Rational Rose XDE, an "eXtended Development Environment" for software developers, integrates with Microsoft Visual Studio .NET and Rational Application Developer. The Rational Software division of IBM, which previously produced Rational Rose, wrote this software.

With the Rational June 2006 Product Release, IBM withdrew the “XDE” family of products and introduced the Rational Rose family of products as replacements.

The Rational Rose family of products is a set of UML modeling tools for software design. The Unified Modeling Language (UML) is the industry-standard language for specifying, visualizing, constructing, and documenting the artifacts of software systems. It simplifies the complex process of software design, creating a "blueprint" for construction of software systems.
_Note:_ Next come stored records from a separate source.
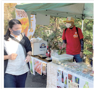
キッチンカーの手伝い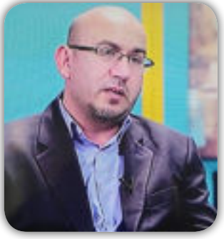
بقلم : سامر المعاني

معنونة جميعها باردة دون غيث غير التي اسماها الحب . ((( لقد رماني من شرفة احلامي ))) حين يصبح الروائي منقبا عن اثر المادّة الروائية فعليه ان يخرج من عبات السرد المباشر والمفردة الصريحة في كافة العمل فنجد ان دقة اختيار المفردة عند السمان بين التقيض والمفارقة ترتقي بطرحها حول المفاهيم العامة للمصطلح الادبي في درجة وصف الحالة او تسميتها بعدد فلسفة حول الشك واليقين والشعور بين متناقض الفكرة والعمل بها وتقيض الحالة في الشخصية عبر الاحداث والوقت. الترابط والتماسك في النص الروائي عند السمان قيمة تضاف الى هذا المنجز الشمولي للعمل الروائي الذي يمتلك مقومات نجاح العمل السريدي من حيث اللغة والأسلوب والمضمون ففي حب وثنى (رواية من رحمها تلتقط رواية ) فنحن شواهد على هذا الكاتب الفيروزي المتمكن بلغته الشعرية العذبة واسمع الثقافة يحجر في حب وثنى كأديب شامل تجد عتبات الفصول ابواب شعرية وخواطر جريئة وانفعالات واحداث مرقمة لكل منها نكهة وذائقة جميلة ومدهشة بالإضافة للومضة والشذرة وهو القادر على تلوين لوحاته بمحسّنات اللغة من جناس وسجع وطباق وترادفات وتشبيهات وتشخيص وتجسيد وتمثيل وصور فنية عالية الحرفة رقيقة الشعور كما اقتباس الامثال والحكم والقول المأثور التي تخضع لعمالي الحدث والشخصية الروائية الناطقة من هنا نجد ان الشخصيات الثانوية ( ام فدوى - ابو خضر - مضر - ابو الوليد... ) لم تكن فقط اسماء تتعايش مع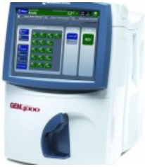
Gem Premier 4000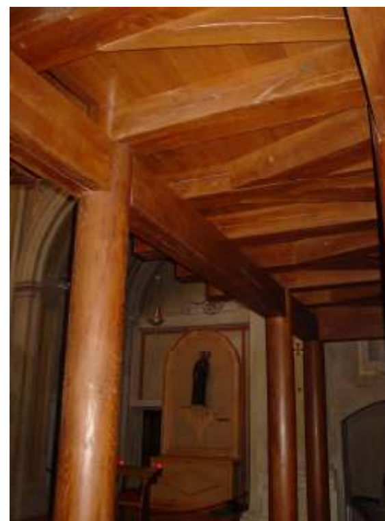
Particolare dell'orizzontamento di copertura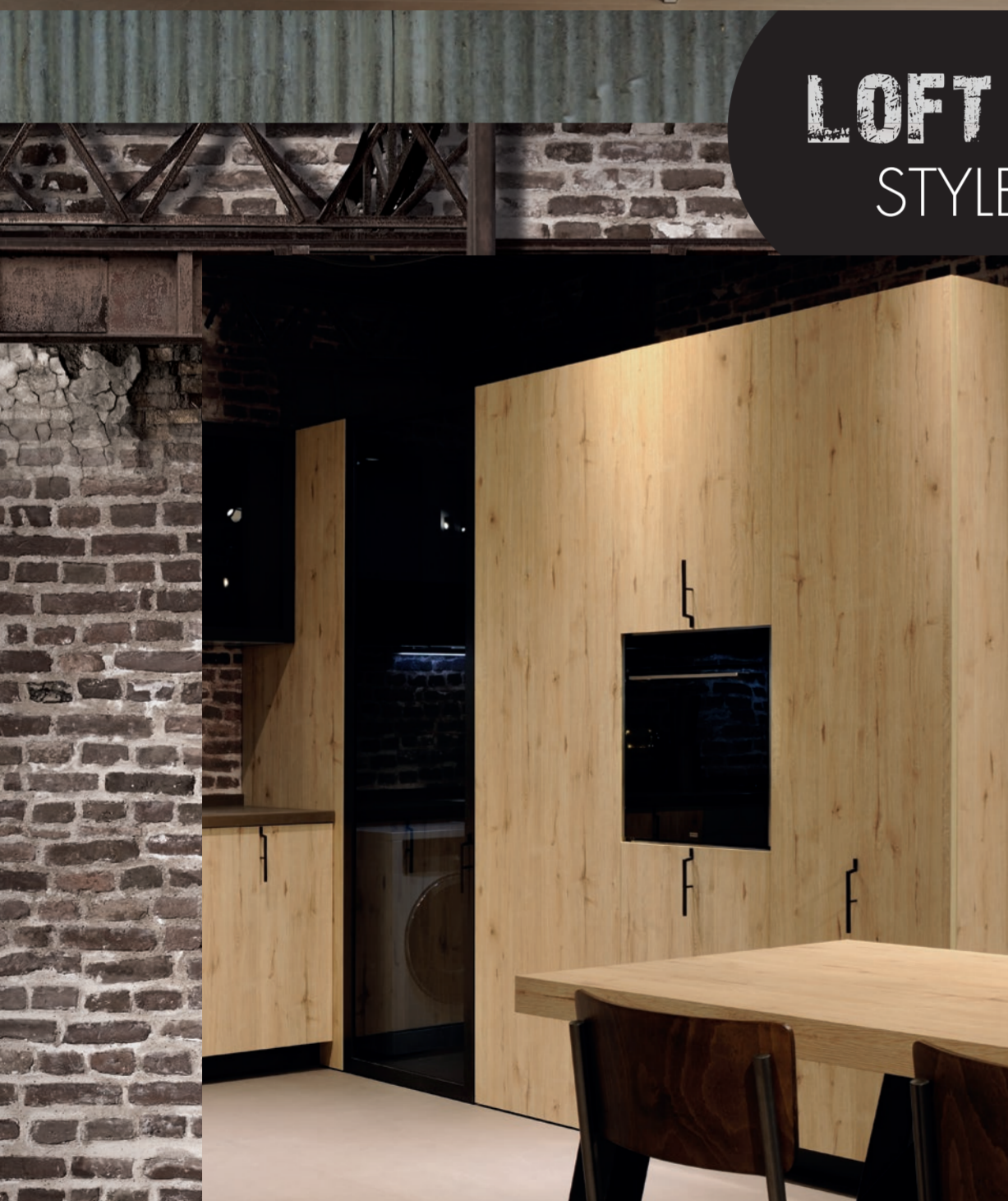
Lab13 / L.1 600 P. 64,5 H. 231 / L.2 227 P. 94 H. 231 cm. Composizione Plana in melaminico con basi beton e rovere Nuova Zelanda, pensili in telaio nero con vetro effetto tessuto scuro, colonne in rovere Nuova Zelanda. Piano Must in quarzo h 4 cm marrone torba spazzolato.

Plana composition with bases in beton and New Zealand oak, dark fabric texture glass with black frame wall units, columns in New Zealand oak. 4 cm thick peat brown in must brushed quartz.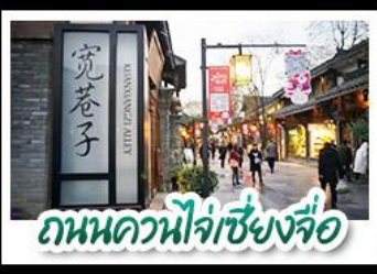
ถนนควนโจ้วเซียงจื่อ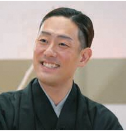
中村勘九郎 (なかもらかんくろう) 昭和56年(1981)文京区生まれ。昭和61年(1986)歌舞伎座『盛綱陣屋』の小三郎で初お目見得。昭和62年(1987)歌舞伎座『門出を名乗り初舞台。平成24年(2012)新橋演舞場『春興鏡獅子』の小姓弥生後に獅子の精ほかで六代目中村勘九郎を襲名。

七之助 懐かしい。やはり子どもの頃の記憶が強いんです。真の児童館で遊んだり、文房具屋さんで近くであって、こいでカードとか、ガチャガチャをやったりした思い出があります。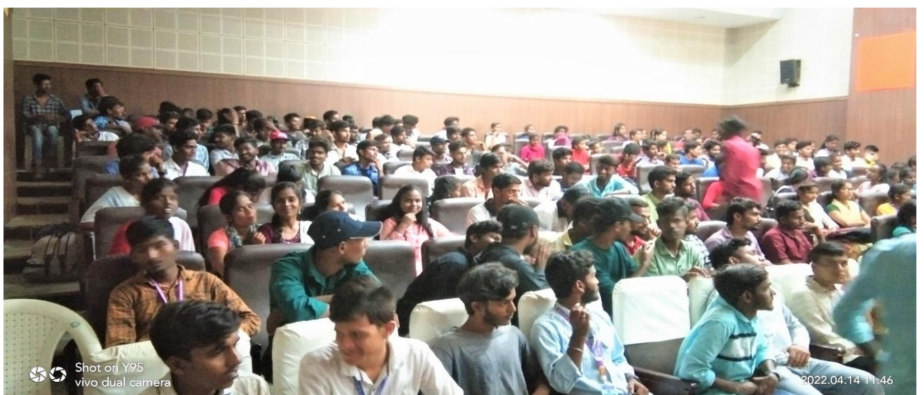
Volunteers gathered in the Auditorium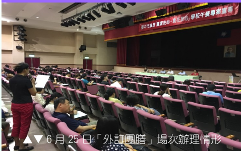
▲▲ 6月25日「外訂團膳」場次辦理情形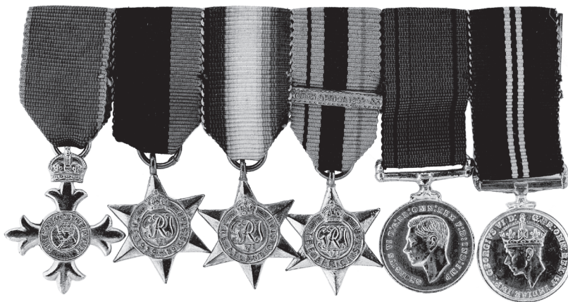
Slika 20. Ordenska kopča sa šest minijatura odlikovanja za Drugi svjetski rat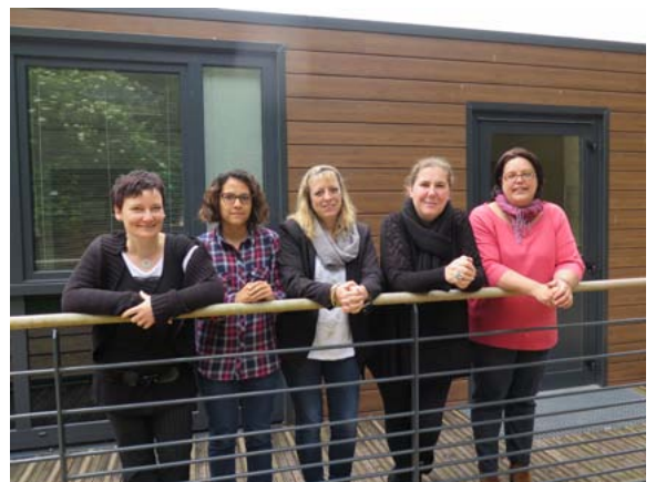
L'équipe du service commun droit des sols

«Si Marne et Gondoire peut permettre aux communes de moins gérer de l'administration, pour se concentrer avant tout sur les habitants, alors nous aurons réussi à développer un deuxième volet de notre action. C'est pour cela que nous avançons sur le projet de service commun Marchés publics comme nous l'avons fait sur l'administration du droit des sols. C'est pour cela que nous agissons pour faciliter la vie des communes.»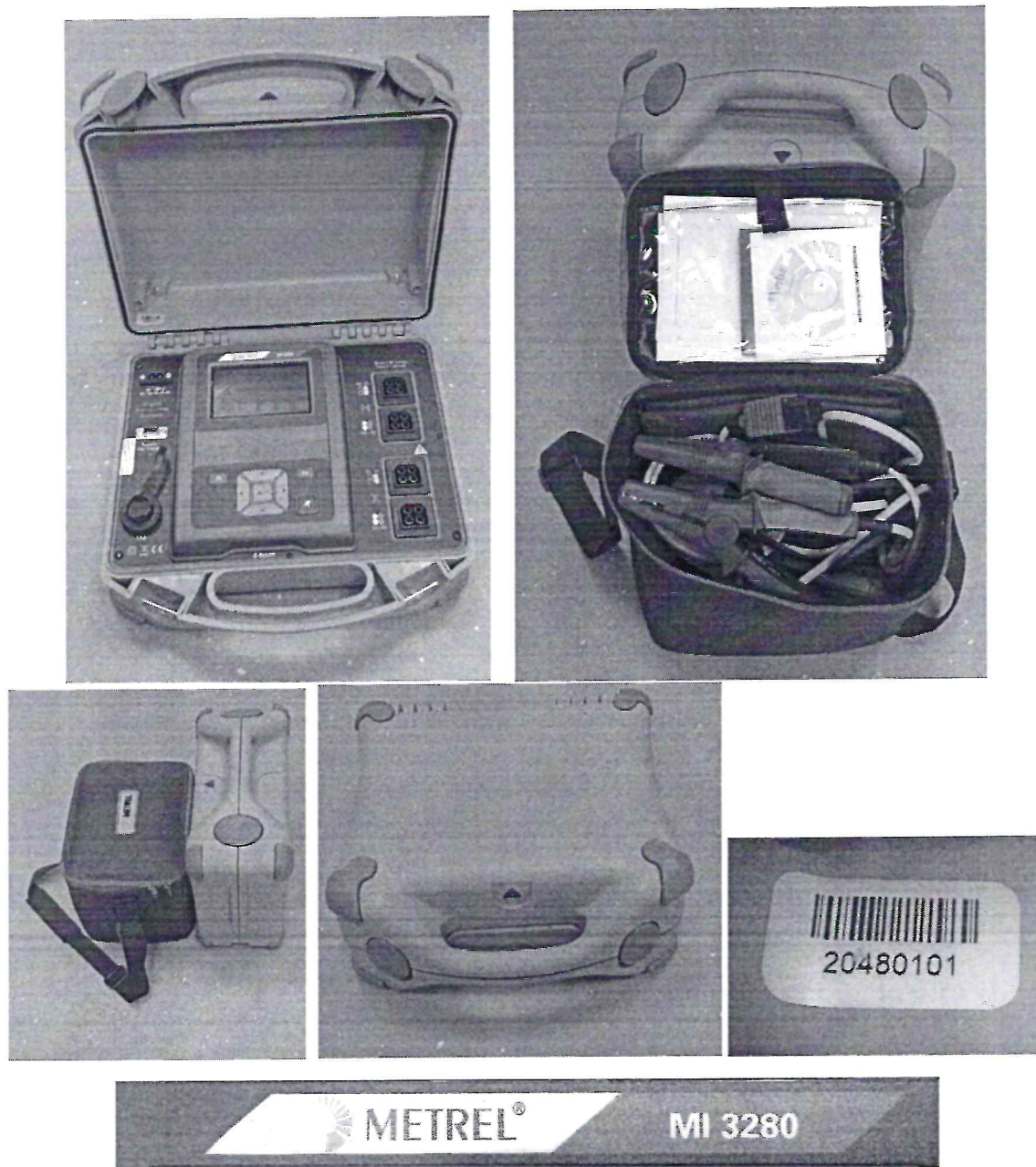
Рисунок А.2 – Внешний вид и маркировка анализатора параметров трансформаторов MI3280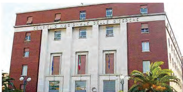
La sede del Consiglio nazionale delle ricerche, a Roma

La versione di Lenzi sconfessata dal direttore del dipartimento di Ingegneria Ict: lo strumento a comando ottico per la morte della donna malata di Sla costruito su richiesta del Tribunale di Firenze e costato alla Ausl circa 10mila euro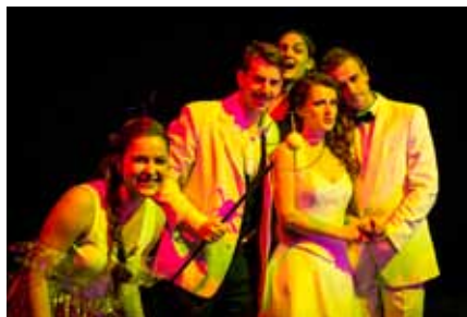
— Záběr z inscenace Taneční maraton na STEEL PIER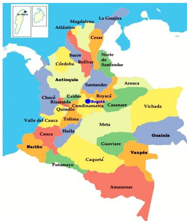
Figura 1 - Mapa da Colômbia por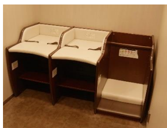
おむつ替え台も充実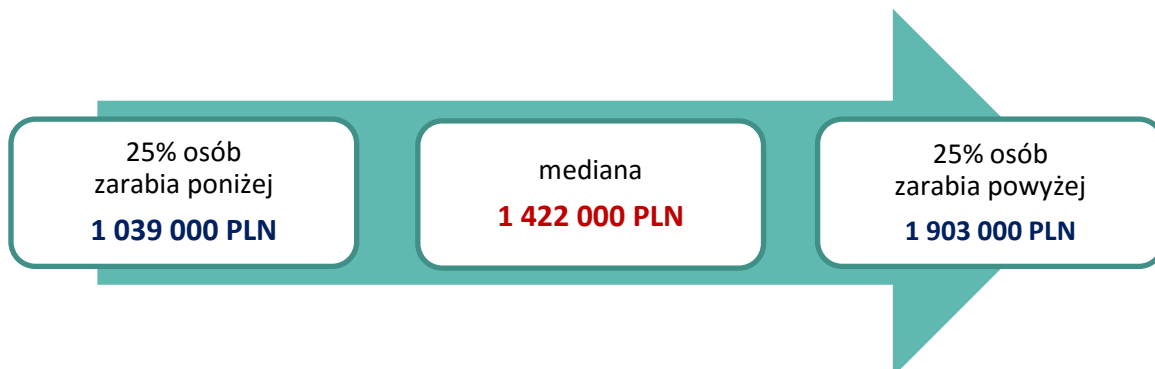
Wykres 1. Roczne wynagrodzenia menedżerów w spółkach w których Skarb Państwa posiada co najmniej 5% akcji (osoby, które przepracowały cały 2015 rok)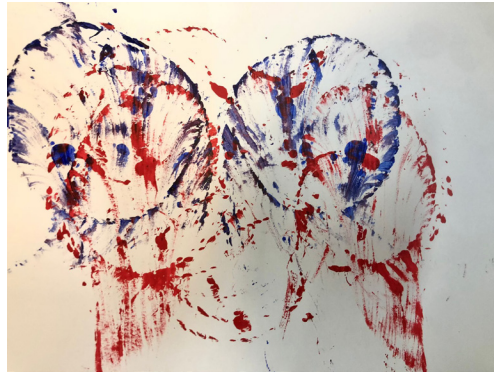
Fig 18. Sesión 4.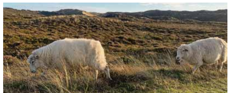
Die besondere Heidelandschaft in List auf Sylt können Urlauber sowohl individuell als auch bei geführten Touren kennenlernen.

Matschwelt vorkommen – doch das Watt steckt voller Leben. Gerade für Kinder ist die Begegnung mit Wattwurm, Krebs und Co. ein besonderes Erlebnis. Nicht nur für Feinschmecker ist die Austerntour empfehlenswert. Seit 1986 wird die ursprünglich aus Japan stammende Pazifische Felsenauster vor List auf Sylt großgezogen. Bei einer dreistündigen Führung kommen Besucher der „Sylter Royal“ und ihrer Kinderstube ganz nah.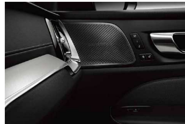
Metal Mesh金属网格内饰条点缀座舱，彰显动感与科技感。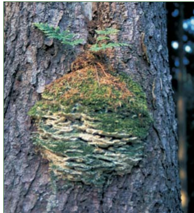
Die Hornisse baut ihr Nest auch in Baumhöhlen.

Rational Rose could also use source-based reverse engineering; the combination of this capability with source generation from diagrams was dubbed roundtrip engineering. A 2007 book noted that other UML tools are also capable of this, the list including Borland Together, ESS-Model, BlueJ, and Fujaba.

The Rational Rose family allows integration with legacy integrated development environments or languages. For more modern architectures Rational Software Architect and Rational Software Modeler were developed. These products were created matching and surpassing Rose XDE capabilities to include support for UML 2.x, pattern customization support, the latest programming languages and approaches to software development such as SOA and more powerful data modeling that supports entity-relationship (ER) modeling. 

A 2003 UML 2 For Dummies book wrote that Rational Rose suite was the "market (and marketing) leader".

The UML part was superseded by Rational Software Architect around 2006, with Rational Rose becoming a legacy product. , the ER modelling part (Rational Rose Data Modeler) has been superseded by another IBM product—Rational Data Architect.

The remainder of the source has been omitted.